Further information on Ristretto can be found in the circular sent to
shareholders dated 1 July 2005.
Refinancing and restructuring of Ristretto
I am pleased to report that since the year end, CMI has received
approximately 33 million euros from Ristretto by way of redemption of
approximately 30 million euros of Preference Shares held by CMI, and
a payment of 3 million euros of accrued dividends on these Preference
Shares.
Balance Sheet
CMI continues to hold a 28% investment in ordinary shares in the
Ristretto Group. CMI also owns approximately 3 million euros of
Preference Shares in Ristretto. Following the recent repayment of
part of the Preference Shares, CMI has net cash balances of
approximately £29.4 million.
Lapse of Mandatory Offer
During the year, a concert party comprising Alan McIntosh, Charles
Nasser, Edward Spencer Churchill, Marc Jonas, Matthew Allen, and
myself was obliged by the Takeover Panel to make an offer for the
shares not owned by the concert party at 12.3p per share.
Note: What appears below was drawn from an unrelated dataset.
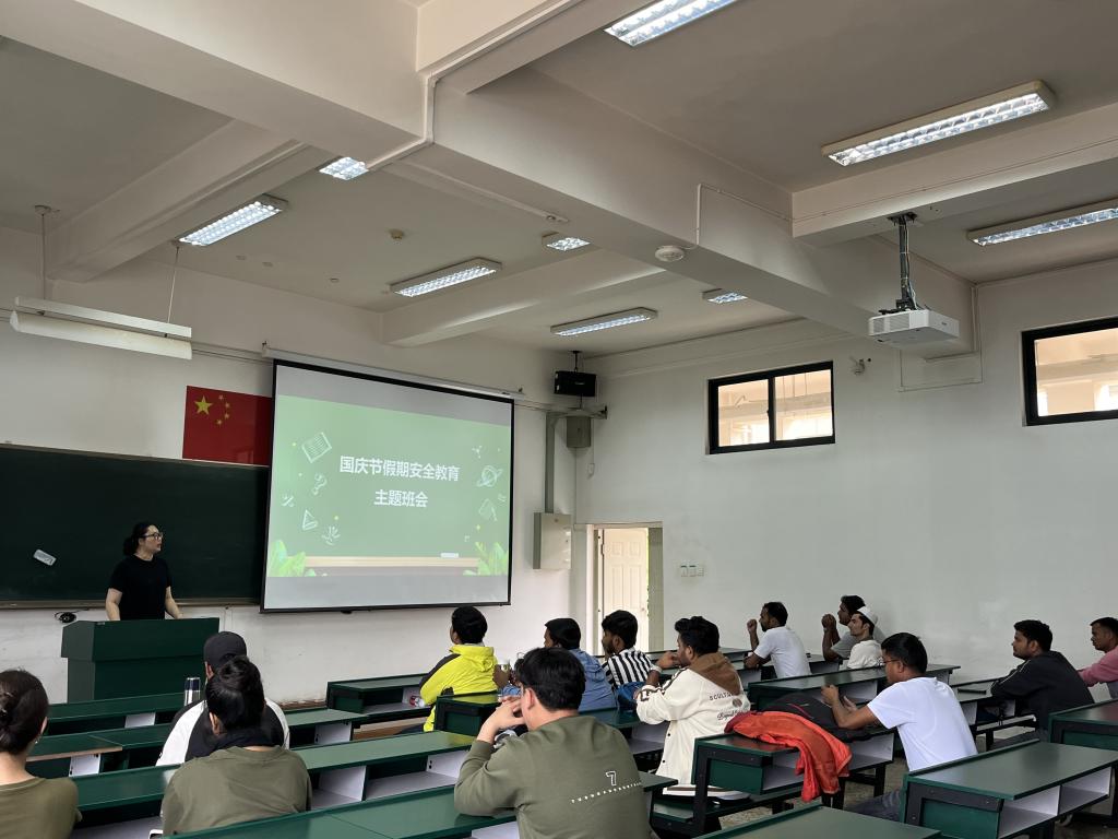 为保障留学生度过一个平安愉快的国庆假期,国际学院于2024年9月27日组织留学生开展安全教育主题班会。

The
Independent Director, Tim Woodcock, advised shareholders not to
accept. Acceptances from shareholders owning 0.58% of the company's
shares were received by the closing date. This was insufficient to
take the Concert Party over the 50.1% threshold required for the
Offer to proceed. As a result the offer lapsed.
Strategy going forward
CMI continues to monitor its investment in Ristretto. As at 10 April
2006, CMI has cash reserves of approximately £29.4 million which will
be used to finance on going expenses and make additional investments
in areas where the board feels that shareholder value would be
generated.
Dividends
The board is not recommending payment of a dividend for the period
under review.
Hugh Osmond
Chairman
Consolidated profit and loss account for the year ended 31 January
2006
Total Total
Note 2006 2005
£'000 £'000
Income from fixed asset investments 1,673 -
Exceptional item - issue of EBT shares - (1,650)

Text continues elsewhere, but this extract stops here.